*What the task asks*:
Print the data that follows word for word, leaving out any picture.

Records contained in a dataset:

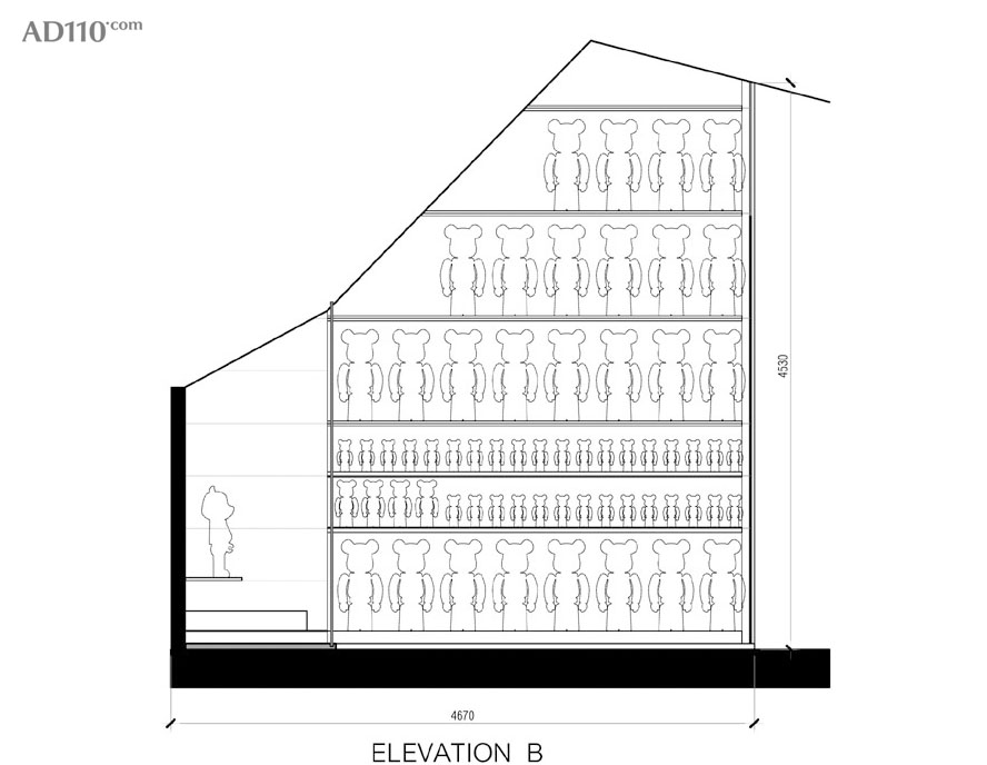 L形橱窗的较短边的布局更为简单。其目的是为了尽可能多地展示Be@rbrick公仔。这片仅有4.8米高的有限空间内至少展示了70只公仔,它们在搁架上紧挨在一起,形成流畅的整体布局。从斜线角度看向橱窗时,70只公仔形成了多彩的背景。
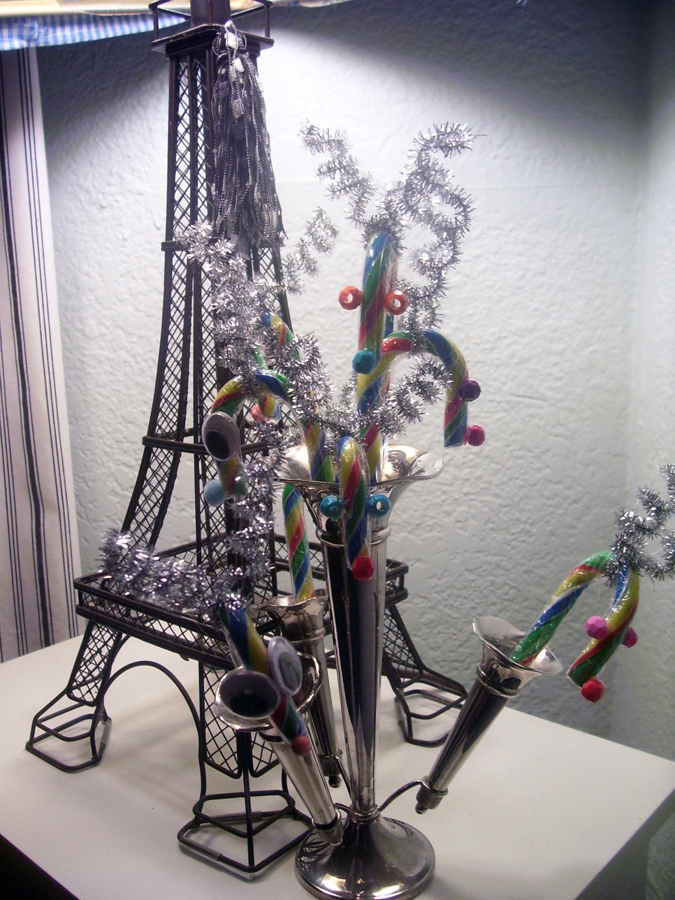 How do you like our herd? Eric wanted to give little treats to his friends at school tomorrow. At first we were just adding ribbon to these little darlings and then I remembered the old reindeer craft. It seemed appropriate that since these were pretty fancy candy canes they needed equally fancy antlers. Then we ran out of googly eyes and substituted these wonderful faceted bead. Too cute!
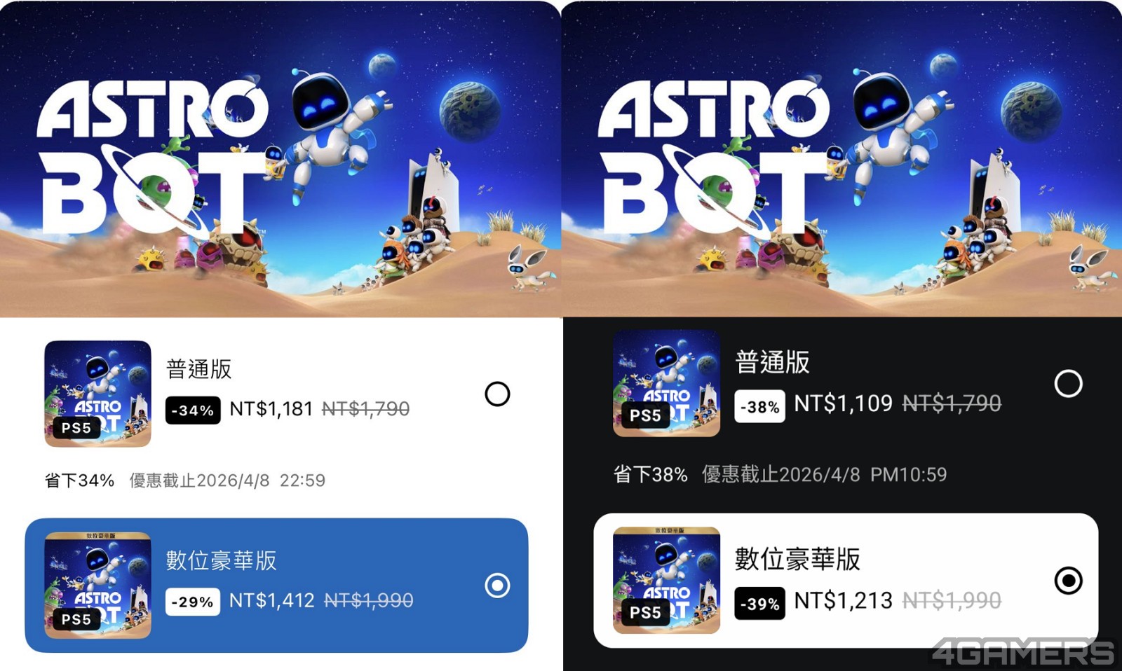 4Gamers 編輯部內部實測,以《宇宙機器人》(ASTRO BOT)為例,一位今年尚未開過 PS5,且沒有任何會籍的玩家,看到的折扣為 38%,折扣高於另一位近期有遊玩 PS,且擁有高級會員的玩家(34%)。
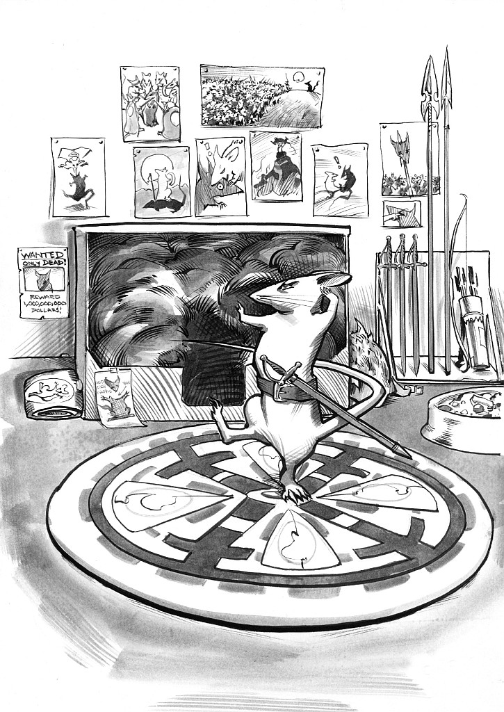 We all knew we had to do something, but we were barely managing to stay alive. We were losing this fight. Good was losing. It wasn't like the stories. Not at all. It wasn't fair. I spent many a minute gazing upward at Bigfat, scowling and showing him my teeth. Boy, when I got up there, I was gonna bite his ear so hard!
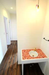 造作のTVボードや物入・カウンター、曲線の壁棚、タイル張りの手洗い洗面、手すりはアイアンを使用。
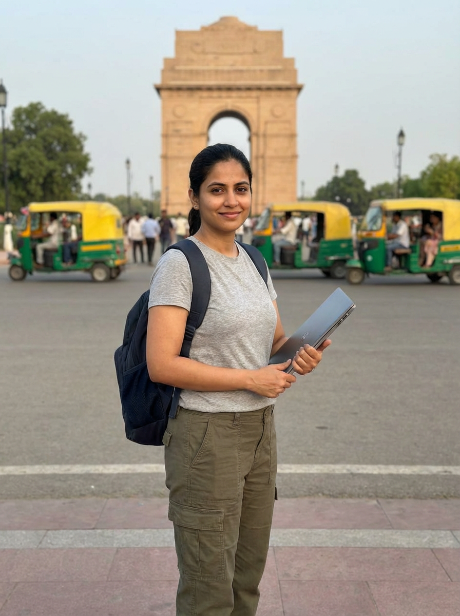 model as digital nomad in Delhi with the India Gate in the background, with backpack

*Written solution*:
 L形橱窗的较短边的布局更为简单。其目的是为了尽可能多地展示Be@rbrick公仔。这片仅有4.8米高的有限空间内至少展示了70只公仔,它们在搁架上紧挨在一起,形成流畅的整体布局。从斜线角度看向橱窗时,70只公仔形成了多彩的背景。
 How do you like our herd? Eric wanted to give little treats to his friends at school tomorrow. At first we were just adding ribbon to these little darlings and then I remembered the old reindeer craft. It seemed appropriate that since these were pretty fancy candy canes they needed equally fancy antlers. Then we ran out of googly eyes and substituted these wonderful faceted bead. Too cute!
 4Gamers 編輯部內部實測,以《宇宙機器人》(ASTRO BOT)為例,一位今年尚未開過 PS5,且沒有任何會籍的玩家,看到的折扣為 38%,折扣高於另一位近期有遊玩 PS,且擁有高級會員的玩家(34%)。
 We all knew we had to do something, but we were barely managing to stay alive. We were losing this fight. Good was losing. It wasn't like the stories. Not at all. It wasn't fair. I spent many a minute gazing upward at Bigfat, scowling and showing him my teeth. Boy, when I got up there, I was gonna bite his ear so hard!
 造作のTVボードや物入・カウンター、曲線の壁棚、タイル張りの手洗い洗面、手すりはアイアンを使用。
 model as digital nomad in Delhi with the India Gate in the background, with backpack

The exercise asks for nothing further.